MINISTER FOR HEALTH AND AGED CARE, MARK BUTLER: Morning Scott. A little triggered by your intro on the football given what happened to my team on Friday night at the hands of the Swans.
 
LEVI: I'm sorry about that.
 
BUTLER: I’ve started to recover, but I've regressed back a little bit. But I'm looking forward to driving up to the Central Coast in the next hour or so.
 
LEVI: Yeah, sorry about to bring back that, but they had a pretty good year. They were second at the end of the regular season and you know made it to the last 4.
 
BUTLER: Last 4, we've done that 3 times in the last 5 years. We're a great team on the field, forward entries let us down on Friday night as it had a couple of times over the course of the season. But your team, I gather you're a Sydney Swan, your team looked terrific on Friday night, and I'm really looking forward to watching the Grand Final.
 
LEVI: Surely the people in Adelaide would be so chuffed that there's no Melbourne team there, though. That's a huge rivalry, isn't it?
 
BUTLER: That's a big bonus, I'd have to say. A very big bonus. Brisbane gave us a shellacking a few times 20 years ago, so I think I'll be barracking for the Swans on Saturday.
 
LEVI: Alright, thanks for that. You're on the Coast today. You're just about to jump in the car and head up. What is on the agenda today?
 
BUTLER: Really a bit of a listening tour. I haven't been here for some months. I'll be with Gordon Reid and Emma McBride, the local members on the coast who are both health professionals. I think Gordon pulled a shift at the Wyong Emergency Department last night.
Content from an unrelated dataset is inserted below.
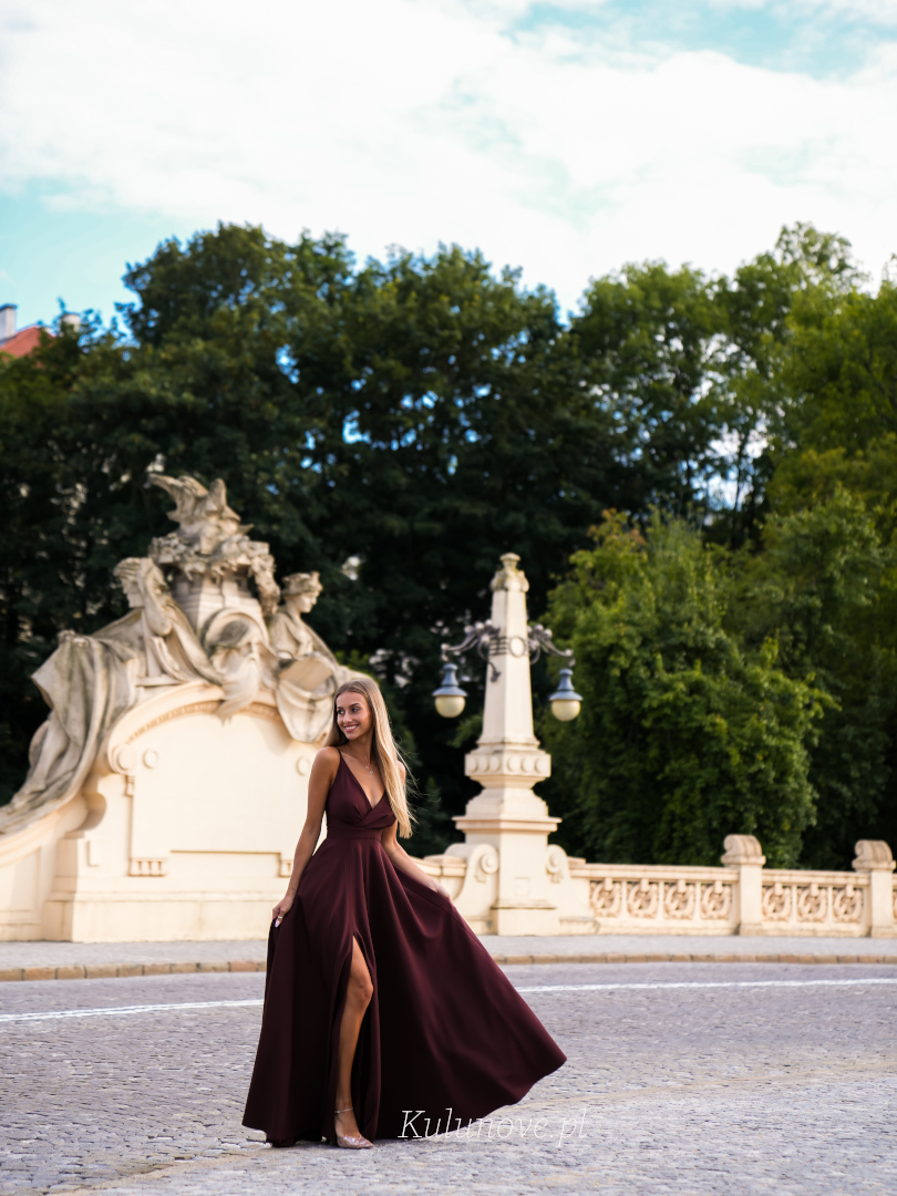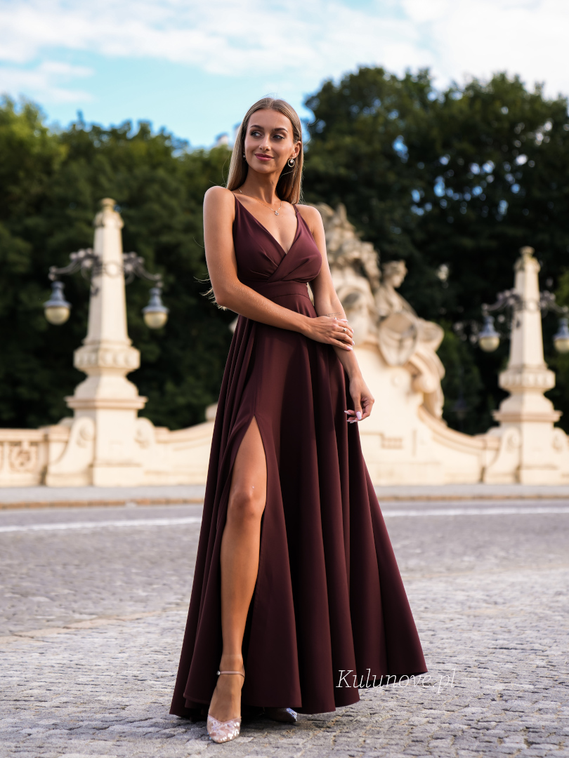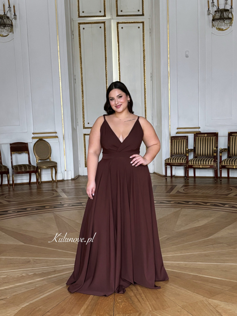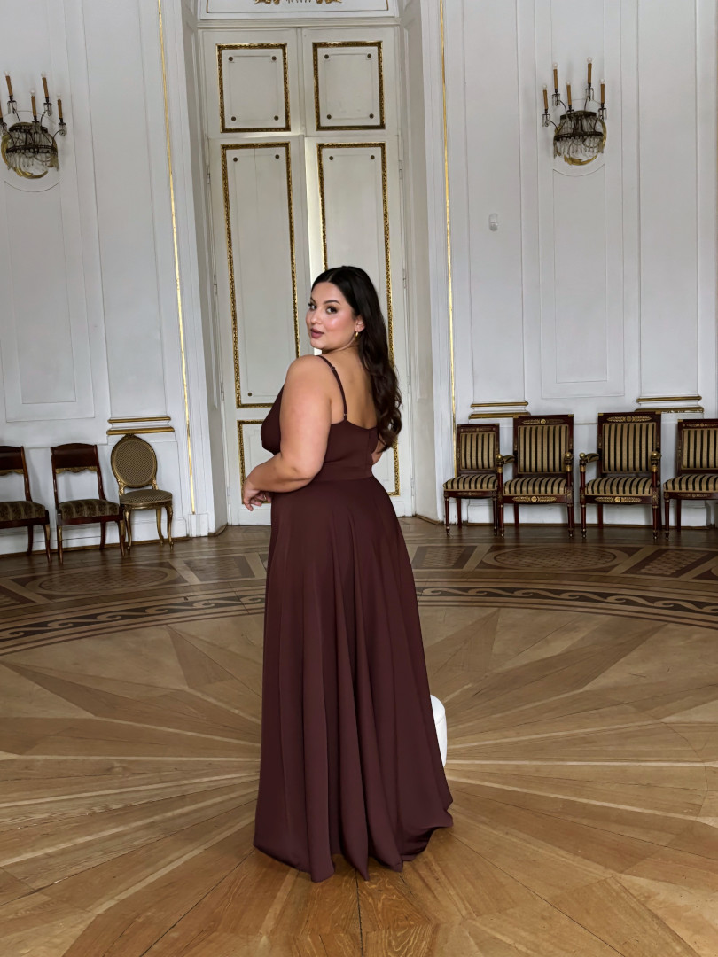Elisabeth maxi - chocolate strapless maxi dress with overlap neckline.
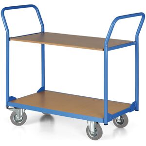 Aufbau Die multifunktionalen Transportwagen ermöglichen die Zusammenstellung von Varianten nach Kundenwunsch durch einfaches Einsetzen des gewünschten Aufbaus und dessen Befestigung mit einer Schraube. Die spezielle Aufnahme der Griffe sorgt dafür, dass der Griff immer fest mit der Plattform des Wagens verbunden ist und verhindert so, dass sich der Griff während der gesamten Lebensdauer des Wagens in seiner Aufnahme lockert (wackelt). Die Ladefläche ist aus Stahlprofilen geschweißt, die Bauweise garantiert die beste Stabilität auch bei hohen Belastungen. Die Metallteile sind mit Pulverlack RAL 5005 lackiert. Die Ladefläche und die Holzwände bestehen aus einer beschichteten Spanplatte mit einem hellen Buchendekor. Die seitlichen und vorderen Holzplatten sind mit einer 1 mm breiten blauen ABS-Kante umleimt. Rollen Die Rollen sind mit einer Abdeckung versehen, die verhindert, dass sich Fäden und Schnüre aufwickeln und das Lager mit verschiedenen Verunreinigungen verstopfen, wodurch die Lebensdauer der Rolle verlängert wird. Die Rollen sind mit Wälzlagern aus Stahl ausgestattet, die Vollgummirollen 98 Shore A garantieren einen ruhigen Lauf und ein einfaches Manövrieren. Das graue Gummi der Rollen hinterlässt keine Spuren auf dem Boden. Je nach Größe der Ladefläche sind die Wagen mit Rollen von 125, 160 oder 200 mm Durchmesser ausgestattet. 2 Bockrollen und 2 Lenkrollen mit Feststeller zur Sicherung gegen unbeabsichtigtes Wegrollen des Wagens. Die robuste und kompakte Bauart der Ladefläche sowie die eingesetzten hochwertigen Rollen machen diese Wagen selbst unter den härtesten Betriebsbedingungen extrem zuverlässig. Eigenschaften: Regalbodenmaße B x L (mm): 450 x 700, Anzahl Regalböden: 2, Radtyp: schwarze Gummilauffläche, Konstruktionsfarbe: blau, Tragfähigkeit (kg): 250, Raddurchmesser (mm): 125, Griffhöhe (mm): 1025, Regaltyp: laminierte Spanplatte

People would know he's a very talented young emergency physician, and Emma McBride is one of my assistant ministers in rural health and mental health. And she's remarkably only the first female pharmacist ever elected to the Commonwealth Parliament. I rely very heavily on them, as you say, particularly representing an area where health is a real priority for the community. I've learnt that over the years, being involved in the health portfolio and visiting this region on many, many occasions.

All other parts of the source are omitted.